### WHAT YOU NEED TO DO:
All lines below between the line with "勞樂斯 ‧ 雙圓跳蛋 18頻調控強震入體雙跳蛋﹝內外刺激+USB直插供電+雙邊可獨立控制﹞淺紫" and the line with "1421 Arizona Ave", including both, must be copied exactly, and the pictures must be omitted.

### RECORDS SUPPLIED:
○ ○ ○ ○ ○ ○ ○

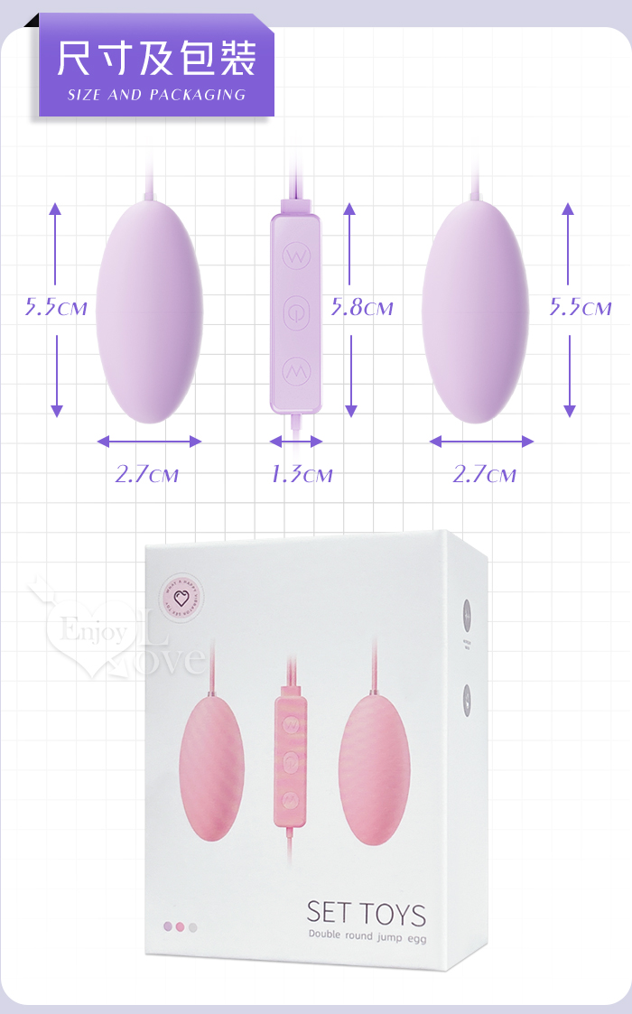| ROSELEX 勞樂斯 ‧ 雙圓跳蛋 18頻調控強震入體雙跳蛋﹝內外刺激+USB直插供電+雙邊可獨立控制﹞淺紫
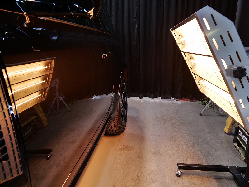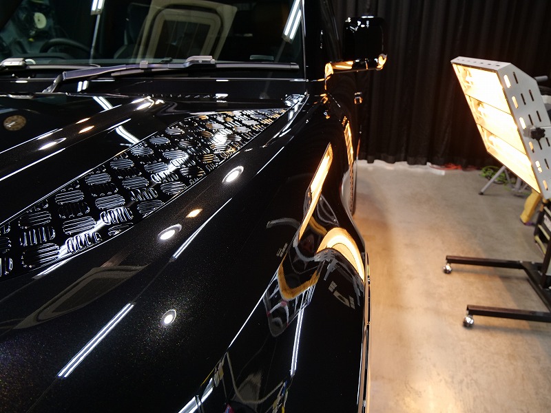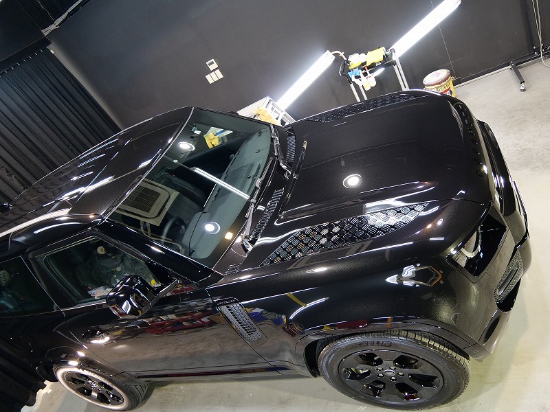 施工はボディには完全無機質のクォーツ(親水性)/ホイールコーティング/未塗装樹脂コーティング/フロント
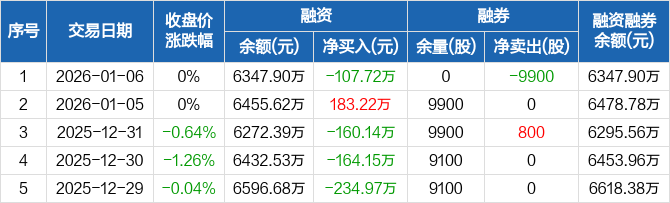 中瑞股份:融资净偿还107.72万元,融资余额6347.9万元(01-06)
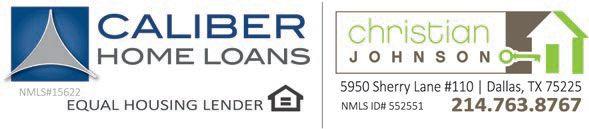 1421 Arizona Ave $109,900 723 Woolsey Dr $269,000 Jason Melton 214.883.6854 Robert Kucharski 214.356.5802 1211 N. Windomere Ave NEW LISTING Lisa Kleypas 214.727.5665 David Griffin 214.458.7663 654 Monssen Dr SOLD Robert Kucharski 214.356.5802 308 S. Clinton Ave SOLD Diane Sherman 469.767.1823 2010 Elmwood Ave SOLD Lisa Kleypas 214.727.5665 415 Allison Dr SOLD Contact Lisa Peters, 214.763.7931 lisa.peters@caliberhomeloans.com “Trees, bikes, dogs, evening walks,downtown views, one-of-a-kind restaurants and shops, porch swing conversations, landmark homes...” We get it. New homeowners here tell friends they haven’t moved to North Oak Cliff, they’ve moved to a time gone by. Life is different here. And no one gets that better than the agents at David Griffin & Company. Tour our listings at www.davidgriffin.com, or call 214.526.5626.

○ ○ ○ ○ ○ ○ ○

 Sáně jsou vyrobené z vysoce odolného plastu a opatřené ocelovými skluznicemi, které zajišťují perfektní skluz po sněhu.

○ ○ ○ ○ ○ ○ ○

### TASK SOLUTION:
| ROSELEX 勞樂斯 ‧ 雙圓跳蛋 18頻調控強震入體雙跳蛋﹝內外刺激+USB直插供電+雙邊可獨立控制﹞淺紫
 施工はボディには完全無機質のクォーツ(親水性)/ホイールコーティング/未塗装樹脂コーティング/フロント
 中瑞股份:融资净偿还107.72万元,融资余额6347.9万元(01-06)
 1421 Arizona Ave $109,900 723 Woolsey Dr $269,000 Jason Melton 214.883.6854 Robert Kucharski 214.356.5802 1211 N. Windomere Ave NEW LISTING Lisa Kleypas 214.727.5665 David Griffin 214.458.7663 654 Monssen Dr SOLD Robert Kucharski 214.356.5802 308 S. Clinton Ave SOLD Diane Sherman 469.767.1823 2010 Elmwood Ave SOLD Lisa Kleypas 214.727.5665 415 Allison Dr SOLD Contact Lisa Peters, 214.763.7931 lisa.peters@caliberhomeloans.com “Trees, bikes, dogs, evening walks,downtown views, one-of-a-kind restaurants and shops, porch swing conversations, landmark homes...” We get it. New homeowners here tell friends they haven’t moved to North Oak Cliff, they’ve moved to a time gone by. Life is different here. And no one gets that better than the agents at David Griffin & Company. Tour our listings at www.davidgriffin.com, or call 214.526.5626.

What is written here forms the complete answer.